[Exercise materials]
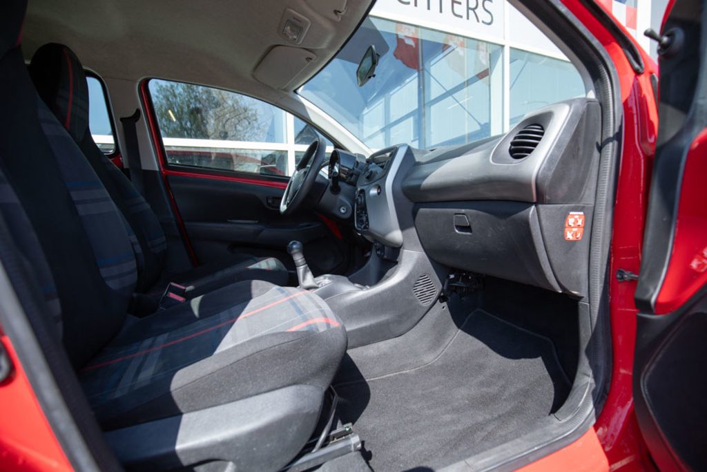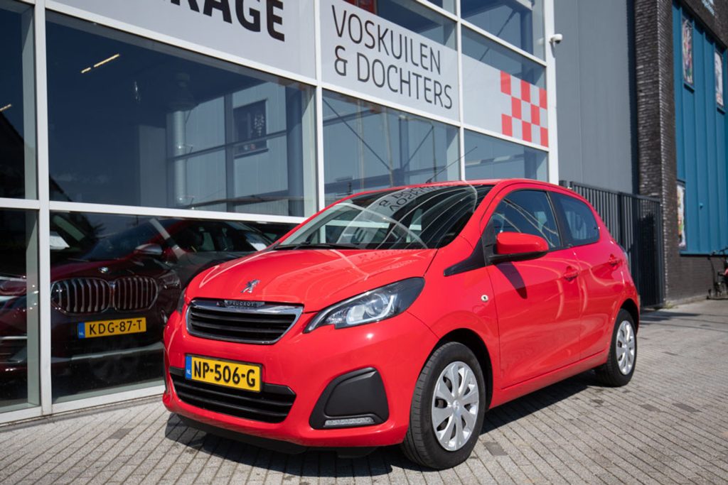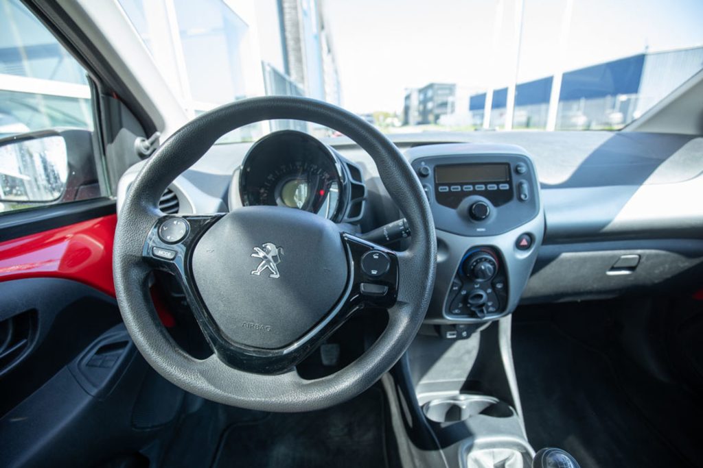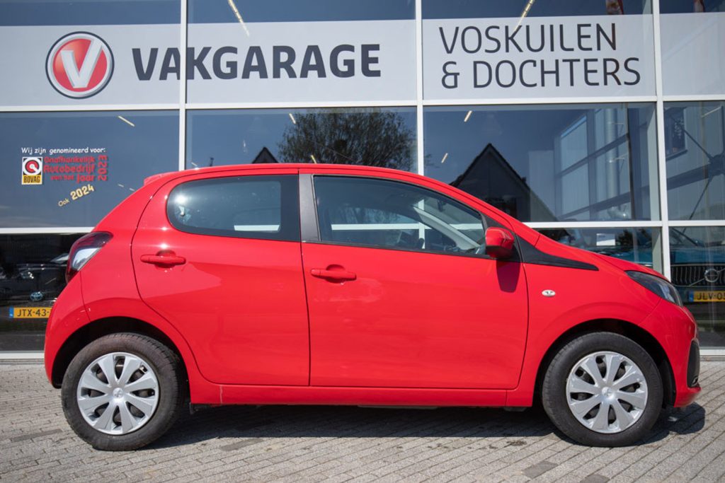 Peugeot 108 in red, featuring 5 doors, air conditioning, and Bluetooth. This compact and fuel-efficient city car is ideal for daily use and offers a surprising amount of space and comfort. The car has always been properly maintained by a dealer, and the service booklet contains all the stamps, underscoring its reliability and meticulous history. Both mechanically and cosmetically, the car is in good condition, making it ready for many carefree miles.
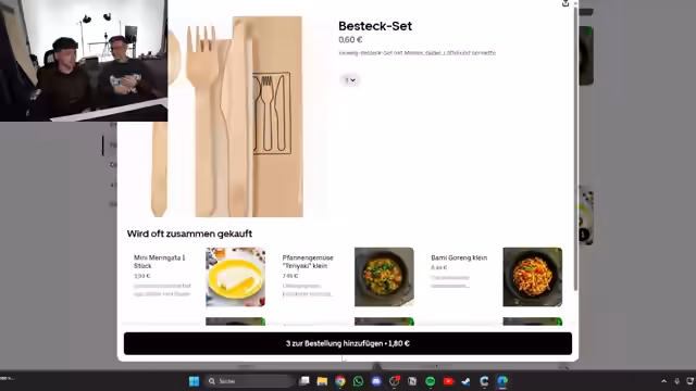 00:16:43Nachdem die technische Einrichtung des Streams geklärt ist, beginnen die Streamer mit der Recherche auf Lieferando. Sie filtern gezielt nach Restaurants ohne oder mit sehr wenigen Bewertungen. Nach anfänglichen Schwierigkeiten, passende Läden zu finden, entscheiden sie sich für ein asiatisches Restaurant namens 'Haji' mit einem mysteriösen, aber authentisch wirkenden Menü. Sie bestellen ein Bundle mit Bratnudeln, Erdnusssauce und Teriyaki, sowie Desserts und Besteck, um das komplette Erlebnis zu testen.
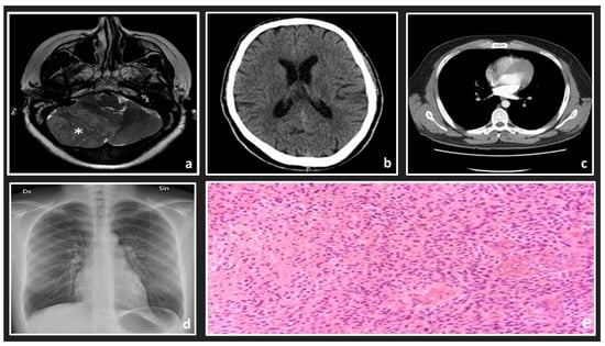 Examples of some medical image types: (a) MRI scan of the left side of a brain; (b) an axial CT brain scan; (c) an axial CT lung scan; (d) chest x-ray; (e) a histology slide with high-grade glioma.
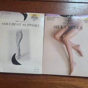 They are vintage, size short. Both are of the Sheer Caress line from J.C. Penney. One is Sheerest support, control top, durable silky leg, and reinforced toe. The other one is Satin Control top, silky sheer leg and reinforced toe.
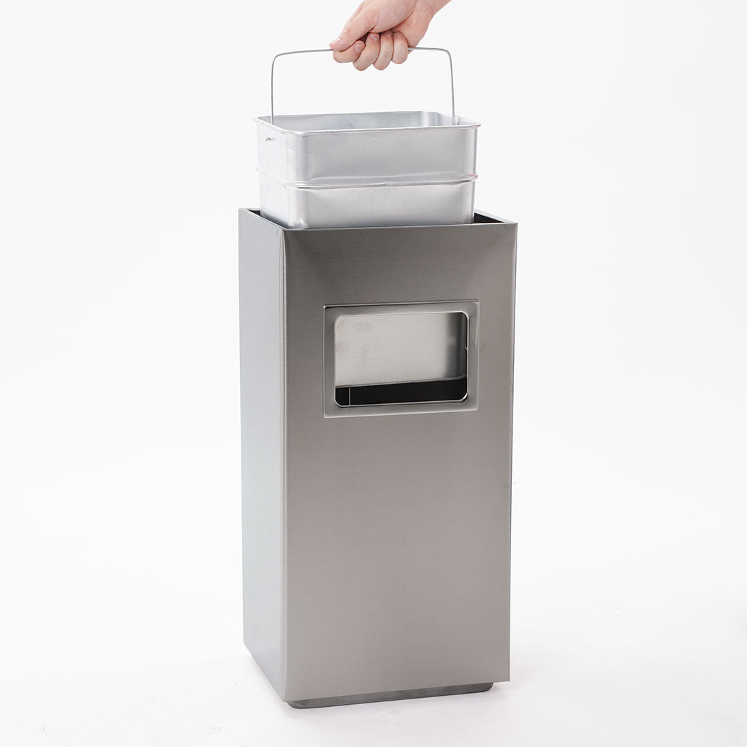 Cenicero de pie con papelera exterior de 15 litros, con forma rectangular y disponible en color negro opaco o acero. Perfecto para su uso en bares y tiendas de todo tipo. Su diseño permite la eliminación segura de las colillas de cigarrillos, mientras que la papelera integrada ayuda a mantener el área limpia y organizada. Resistente a la intemperie, duradero y fácil de limpiar. Instalación de pie, fácilmente accesible desde cualquier lugar.
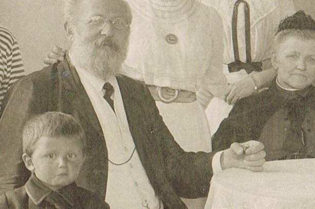 Wer hat die handschriftlichen Hinweise auf dem Bildrand angebracht? Das dürfte mein Vater gewesen sein, schon wegen der Diktion „Opa Ferdinand Naumann“ bzw. „Oma Anna Naumann“. Ich spekuliere mal, dass er der etwa dreijährige Junge ist, der sich vor dem (seinem) Großvater Ferdinand an diesen schmiegt. Der Familienüberlieferung nach wurde mein Vater als Siebenjähriger (also 1914) wegen der zunehmend schlechten Versorgung der Bevölkerung von Hagen (wo die Familie lebte) zu den Großeltern auf dem Inselberg geschickt, die mit ihrem Gastronomiebetrieb eher an Nahrung kamen als andere Leute. Wenn diese Vermutung zutrifft, dürfte das Bild 1910 aufgenommen worden sein – als mein Vater etwa drei Jahre alt war.
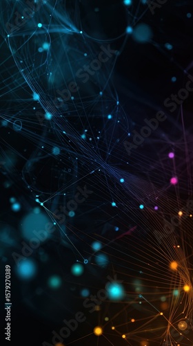 Obraz premium Vibrant photo of abstract technology features glowing web design dark background various colors.
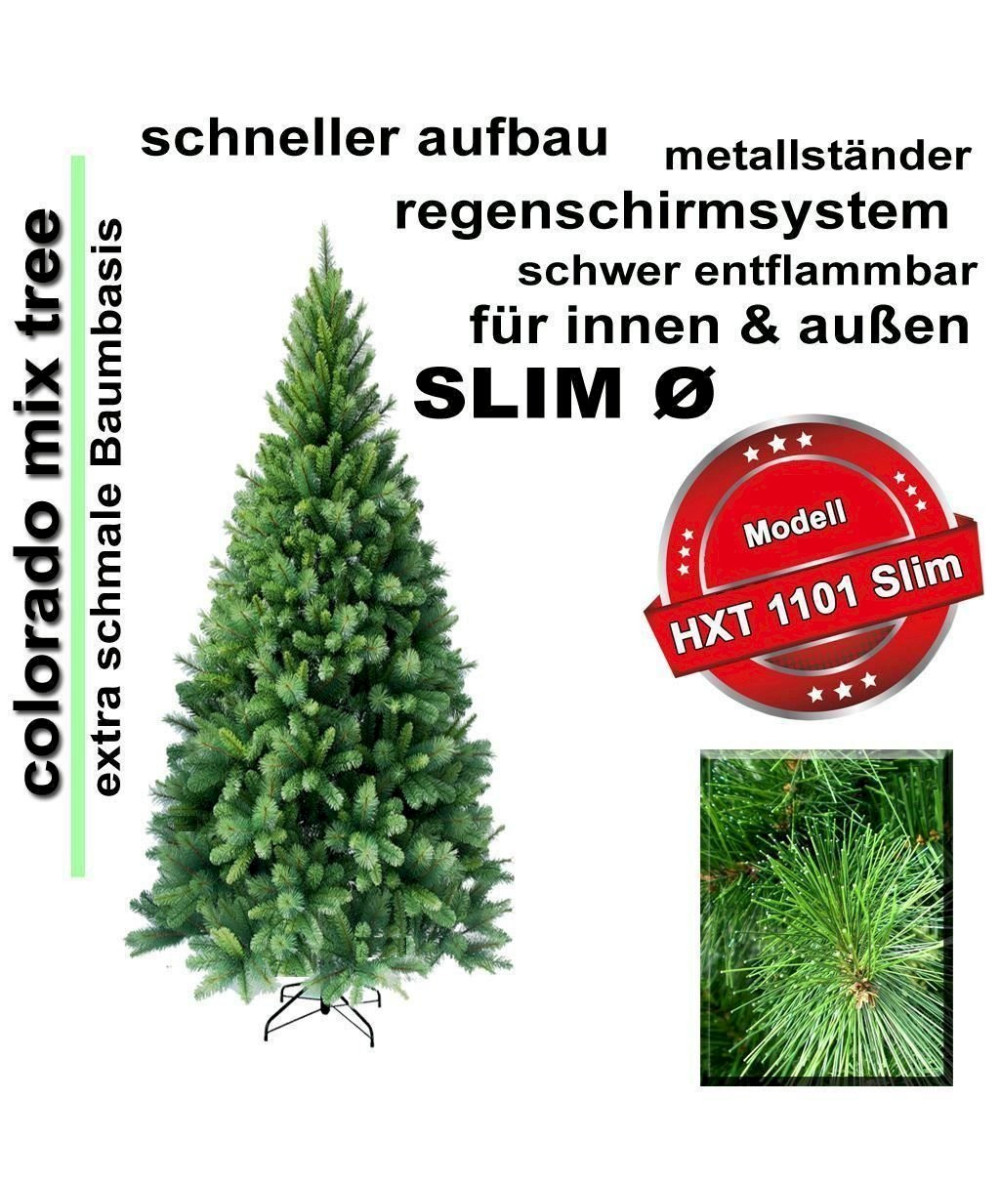 210 cm - EXKLUSIVER künstlicher Weihnachtsbaum der Spitzenklasse. Extra schmaler Durchmesser, bestens geeignet für Dekorationen in Gaststätten und Schaufenstern ( schwer entflammbar )
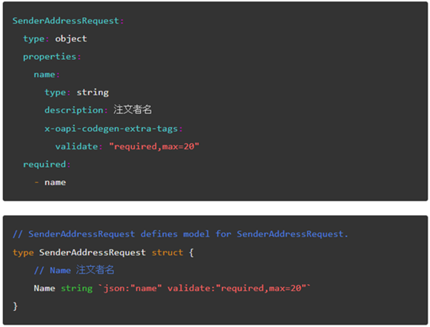 x-oapi-codegen-extra-tagsを利用することで、下記のように任意の構造体タグを追加することができます。 今回はバリデーションに使用しているgo-playground/validatorのタグを追加するために使用しました。
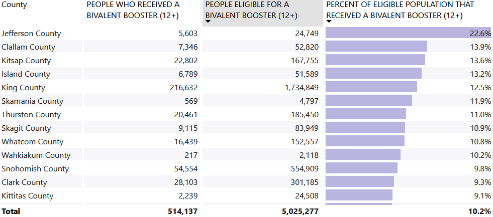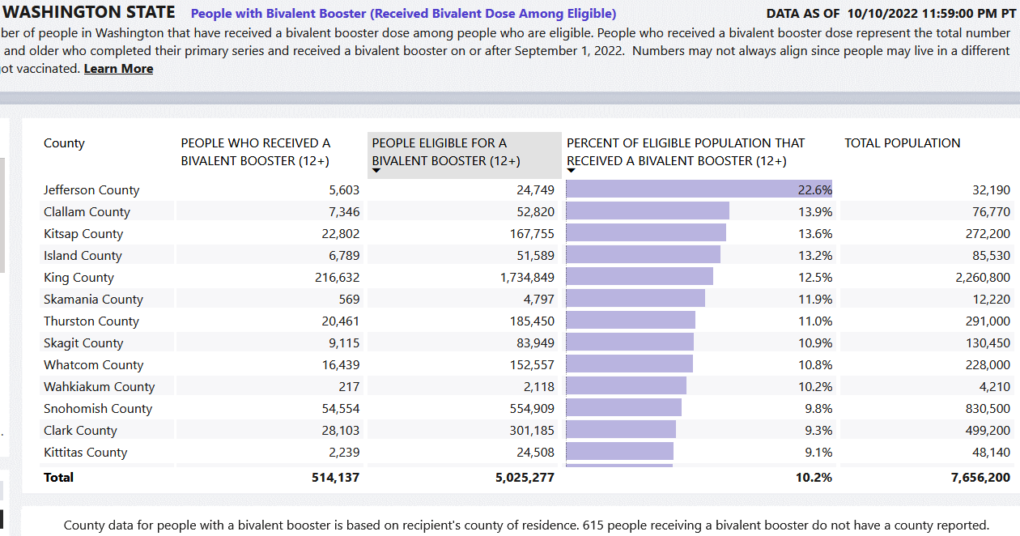 One other thing I’ll toss out: Jefferson County is different in one other way: I saw that there’s 22.6% bivalent boostering, which is more than twice the 10.2% in all the other counties in this state.
[/Exercise materials]
Write out the lines from the line with "x-oapi-codegen" through the end of the records exactly; do not include pictures or any other lines.

Task solution -
 x-oapi-codegen-extra-tagsを利用することで、下記のように任意の構造体タグを追加することができます。 今回はバリデーションに使用しているgo-playground/validatorのタグを追加するために使用しました。
 One other thing I’ll toss out: Jefferson County is different in one other way: I saw that there’s 22.6% bivalent boostering, which is more than twice the 10.2% in all the other counties in this state.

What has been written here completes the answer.